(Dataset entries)
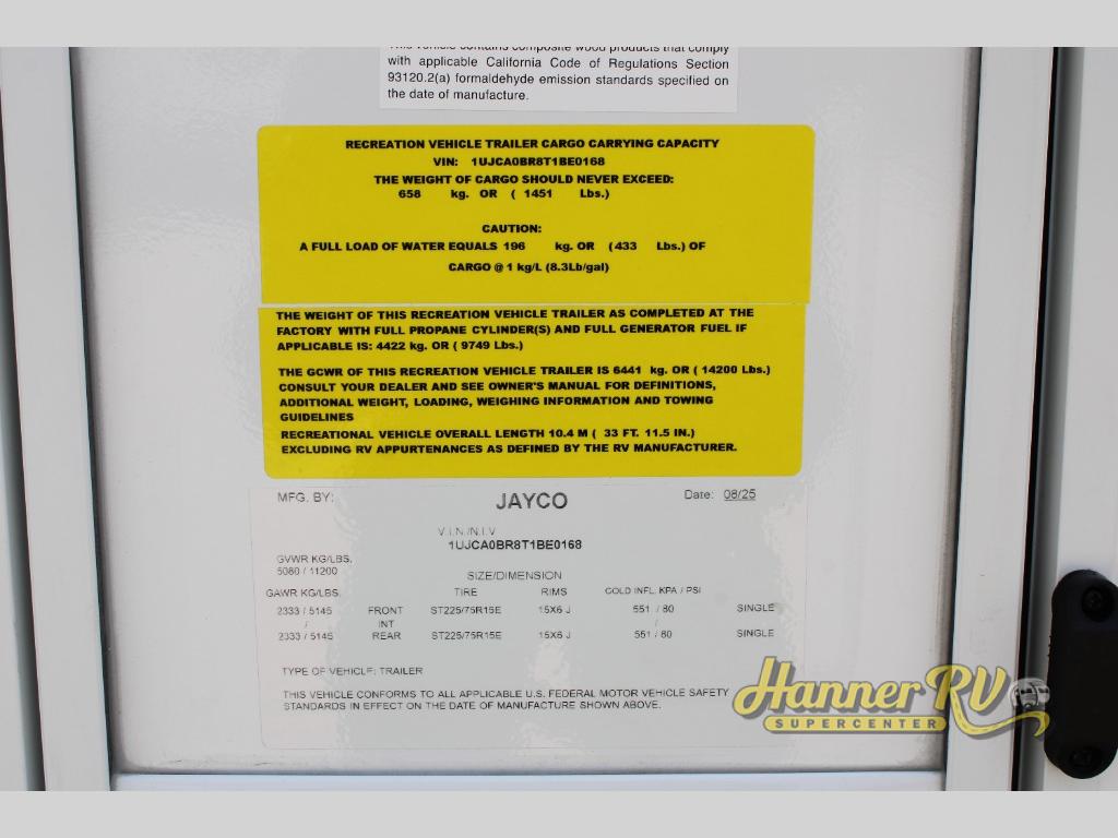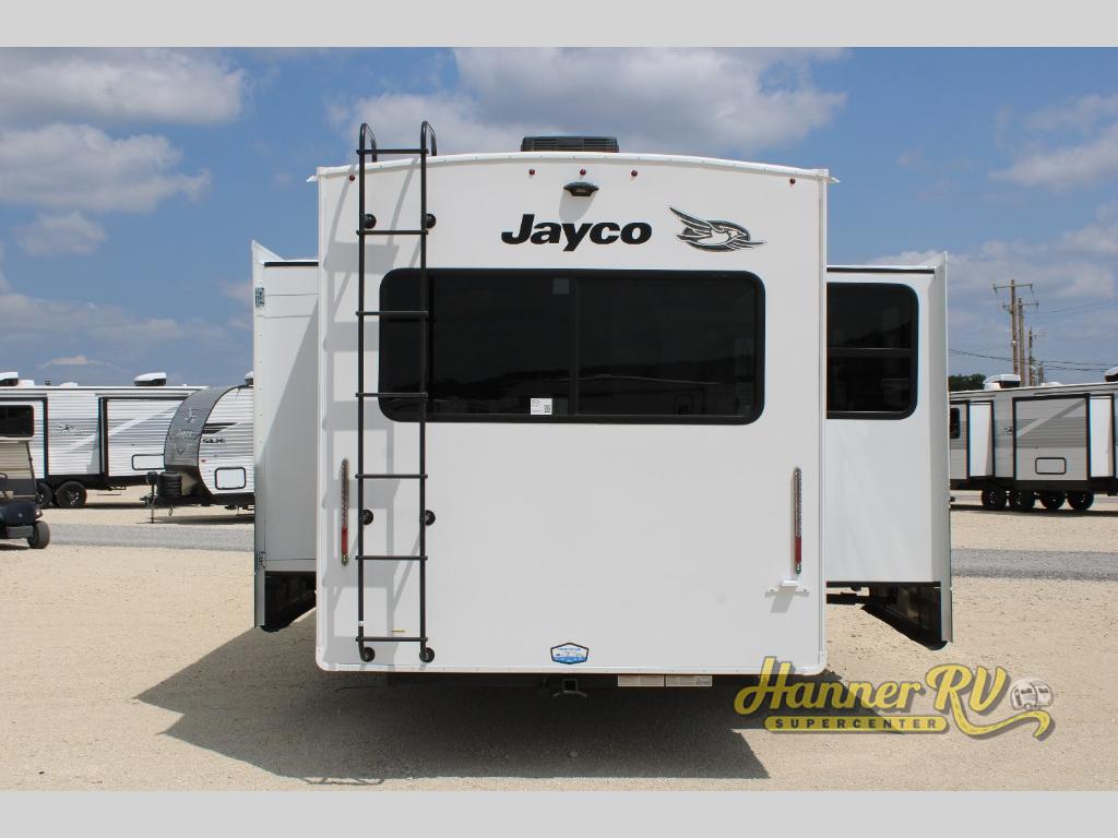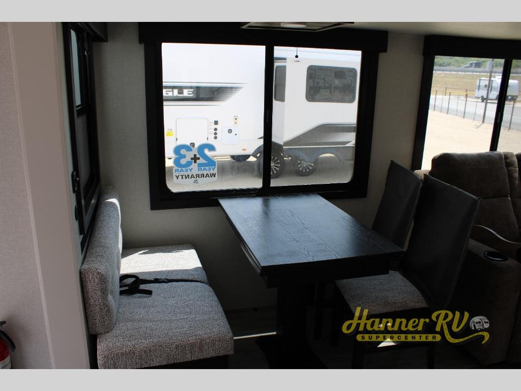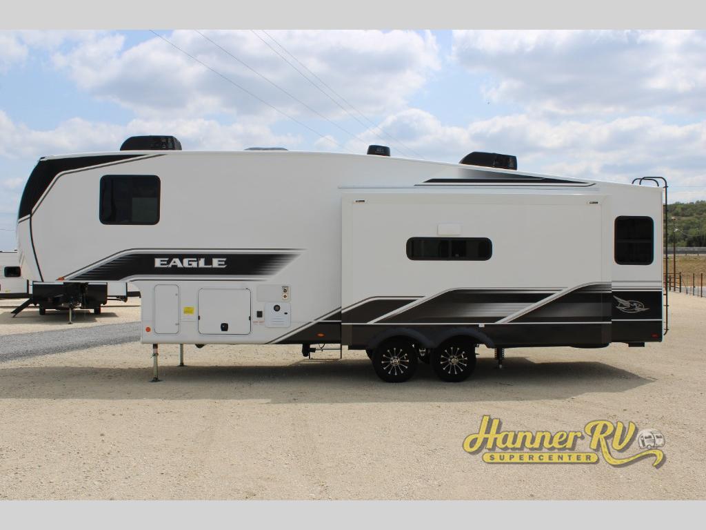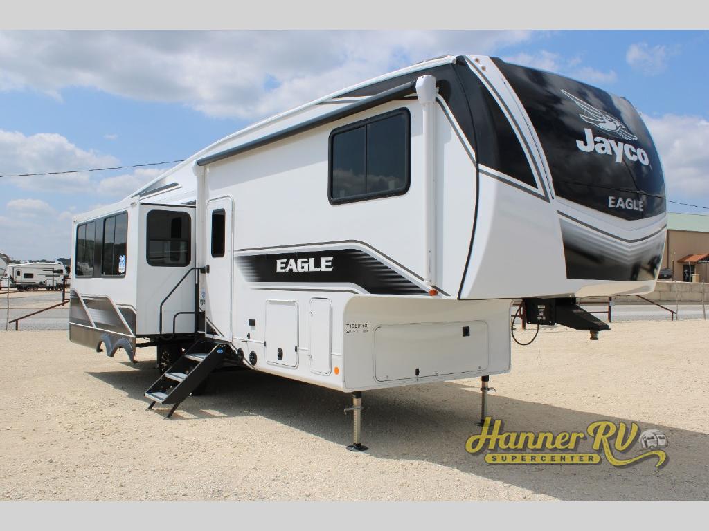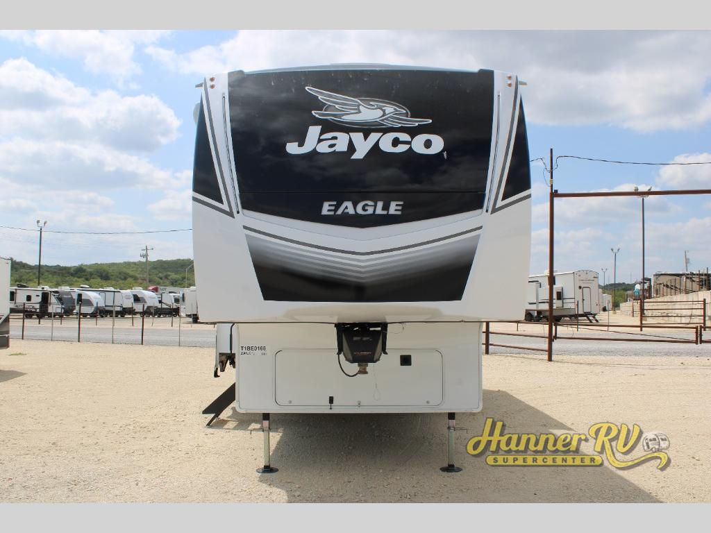 With any Eagle HT fifth wheel or travel trailer by Jayco you will enjoy a smooth drive thanks to the 4 Star Handling Package and MORryde CRE-3000 rubberized suspension. The Customer Value Package includes amenities that are sure to make camping easier than ever, like the 60K on-demand water heater, Keyed-Alike lock system, 15,000 BTU "Whisper Quiet" A/C, and more. Handcrafted door/drawer fronts will make your space feel more like home, along with residential vinyl flooring throughout, GE appliances, and blackout roller shades with reflective side throughout to keep the sun out when you want to sleep in. Each model also includes a NuVo H2O water treatment system with filters included, interior and exterior "Blue Sync" audio connect with MB Quart Sound for your TV and phone, and 100% no floor vents for added comfort and convenience!
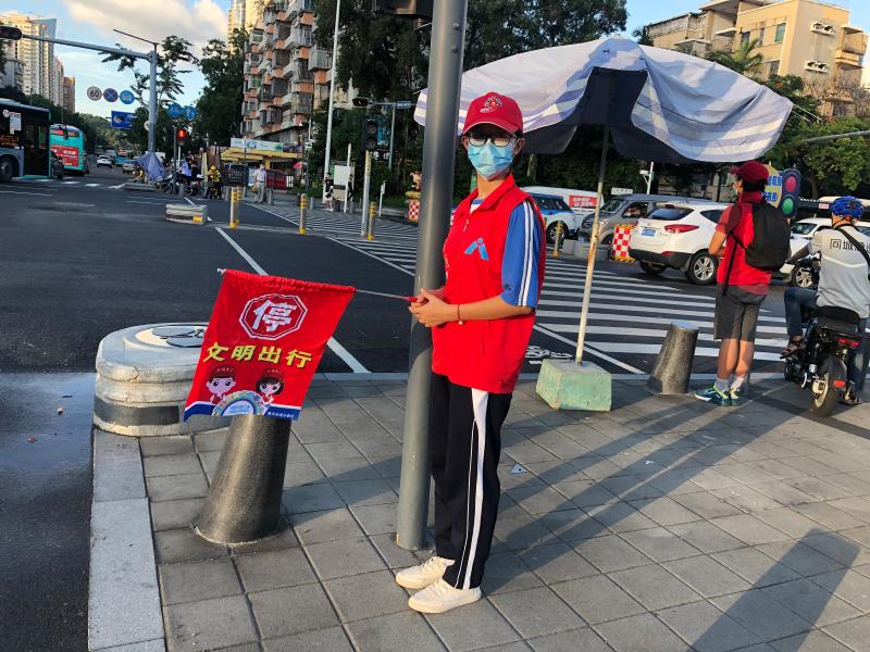 怡景社区文明路口执勤志愿者
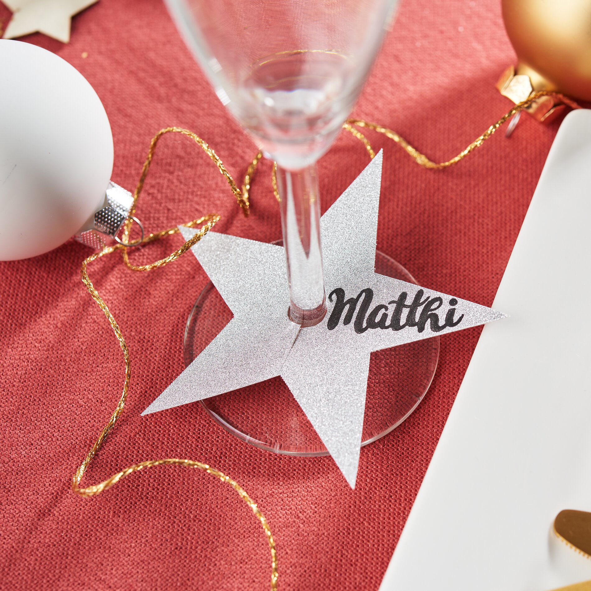 Use a permanent marker to personalise the cut-out stars with names or New Year's wishes. This allows each guest to recognise their personal glass immediately.
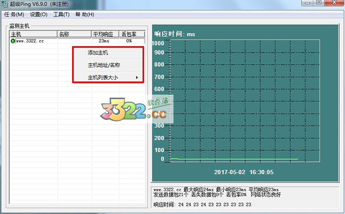 在主機(jī)列表空白處點擊右鍵,彈出右鍵彈出菜單,如下圖:
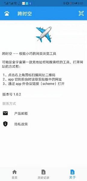跨时空app是一款极致简洁的浏览器手机软件,简单到甚至没有地址栏和搜索栏,比起常用的浏览器来说,它更像是一个快速打开页面的工具。它打开网址的方式有三种,分别是扫描二维码、读取剪贴板网址以及外协议链接。并且还可以将多个页面的内容都展现在一个屏幕中,通过这个特性我们还可以将各地的健康码都添加进来,这样将可以实现一键打开任意一个健康码了。
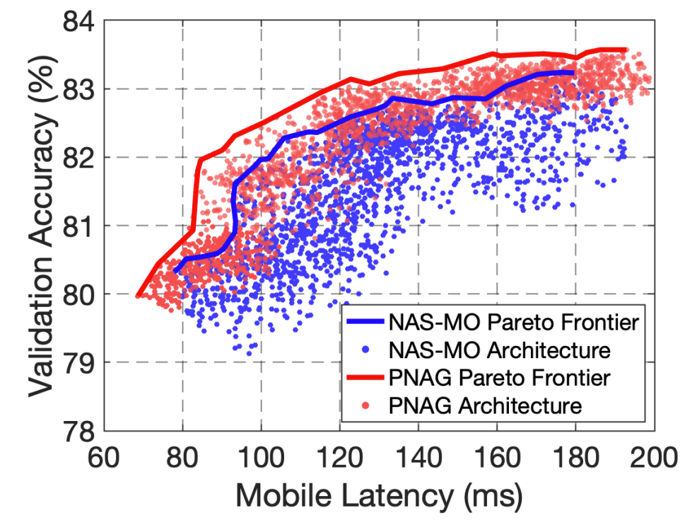 - Pareto-frontier를 비교해 보면, PNAG는 다양한 budget하에서 NAS-MO보다 더 나은 frontier를 찾을 수 있음
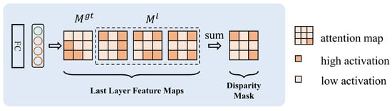 In this section, we introduce the construction principles and methodologies for the nuance–disparity masks, which are automatically generated by the network. These masks are designed to adaptively mine a broader spectrum of discriminative regions within vehicle images while concurrently suppressing extraneous information. The nuance mask is specifically engineered to augment the network’s capability to recognize a more comprehensive set of target features, whereas the disparity mask focuses on mitigating background interference. This enables a refined focus on essential details critical for effective vehicle identification. The N&D mask generation process is shown in Figure 3.
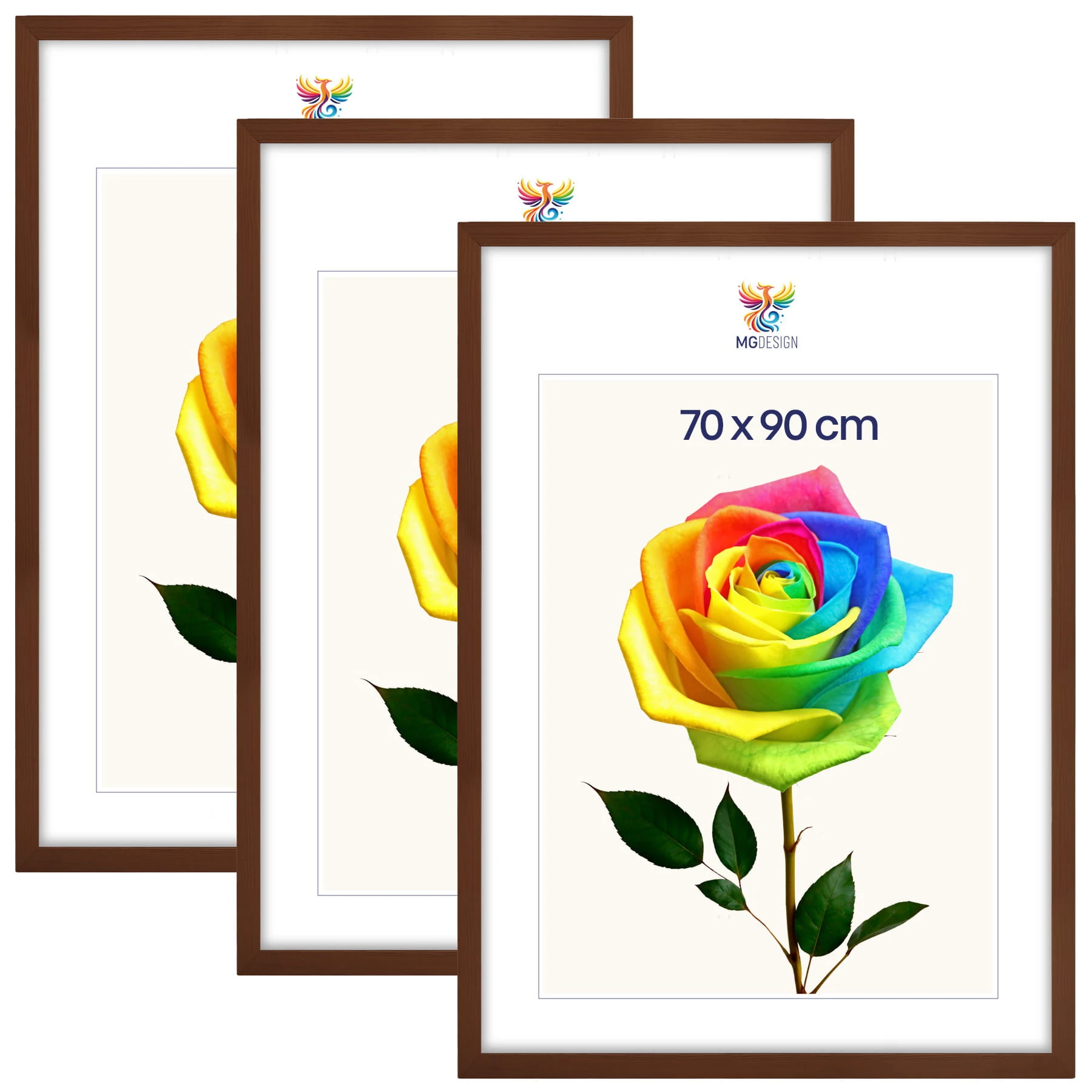 Set of 3 Brown photo frames 28 x 36 in (70 x 90 cm), made of natural wood
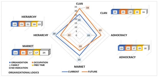 The research demonstrates the assumed and unchanged institutional order as the order of strength and significance of individual logics is the same in every organisational culture type. The logic of occupation is the determinant, as it continues to be the core of both types of cultures. It is followed by the logic of organisation, which—in the desired type of culture—is supplemented with the increased significance of the logic of family. In scope of the logics, employees want to be sure that working from home will be efficient despite having to abandon “market intensification” instruments such as lean, high-performance practices (HPWS), high engagement practices (HPWI), etc.
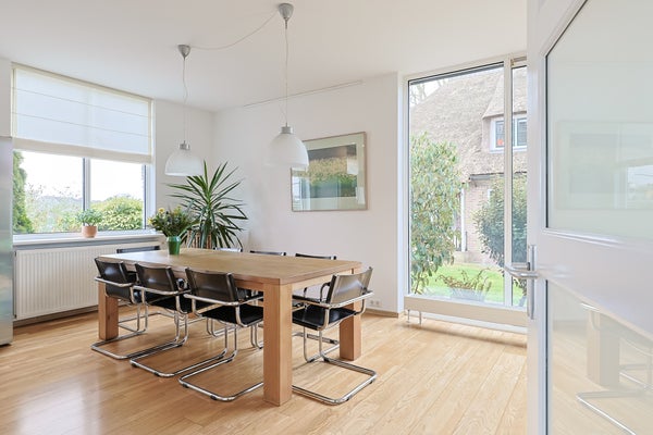Een praktische hal met bergkasten en een aparte wc leidt naar de U-vormige woonkamer die de tuin in een prachtig licht zet. Boven bevinden zich drie slaapkamers, een moderne badkamer met inloopdouche en een grote bergzolder.
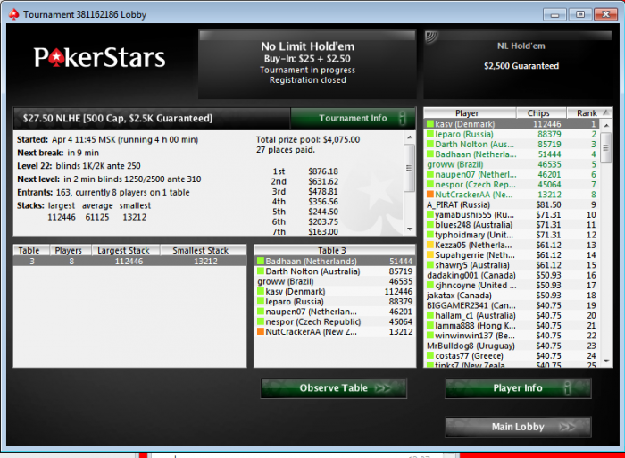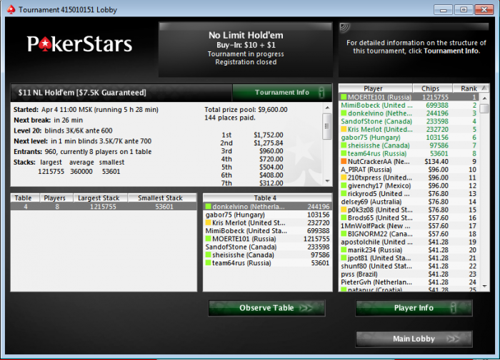 Вот такие игроки на 25 лимите.Покер жив!No Limit Holdem Tournament
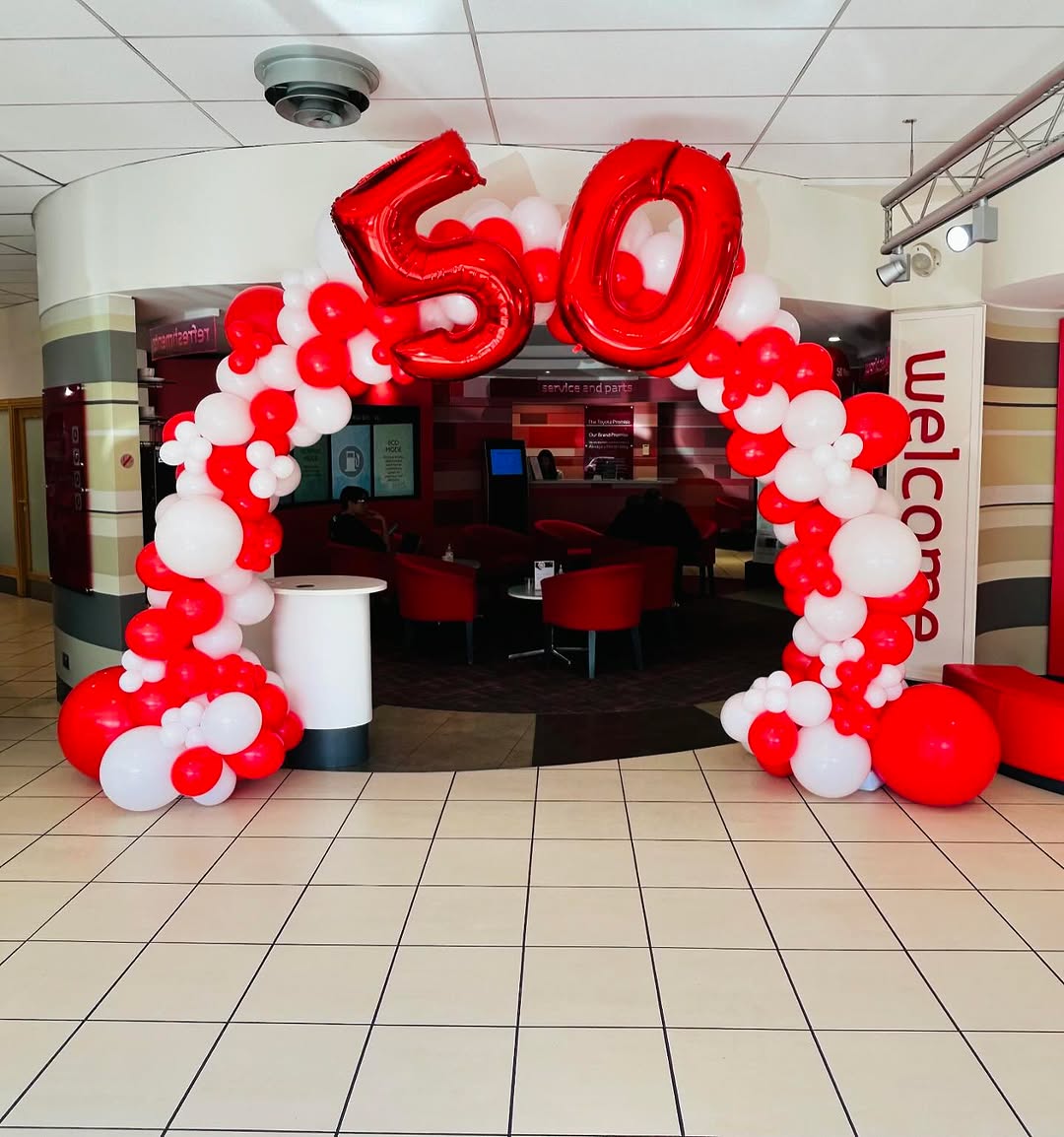 Custom Corporate & Showroom Balloon Arch (Red & White Edition)

Work to be completed: Your reply should hold nothing but the lines above, from the one containing "跨时空app是一款极致简洁的" to the one containing "- Pareto-frontier를 비교해", reproduced exactly minus the pictures.

Response box:
跨时空app是一款极致简洁的浏览器手机软件,简单到甚至没有地址栏和搜索栏,比起常用的浏览器来说,它更像是一个快速打开页面的工具。它打开网址的方式有三种,分别是扫描二维码、读取剪贴板网址以及外协议链接。并且还可以将多个页面的内容都展现在一个屏幕中,通过这个特性我们还可以将各地的健康码都添加进来,这样将可以实现一键打开任意一个健康码了。
 - Pareto-frontier를 비교해 보면, PNAG는 다양한 budget하에서 NAS-MO보다 더 나은 frontier를 찾을 수 있음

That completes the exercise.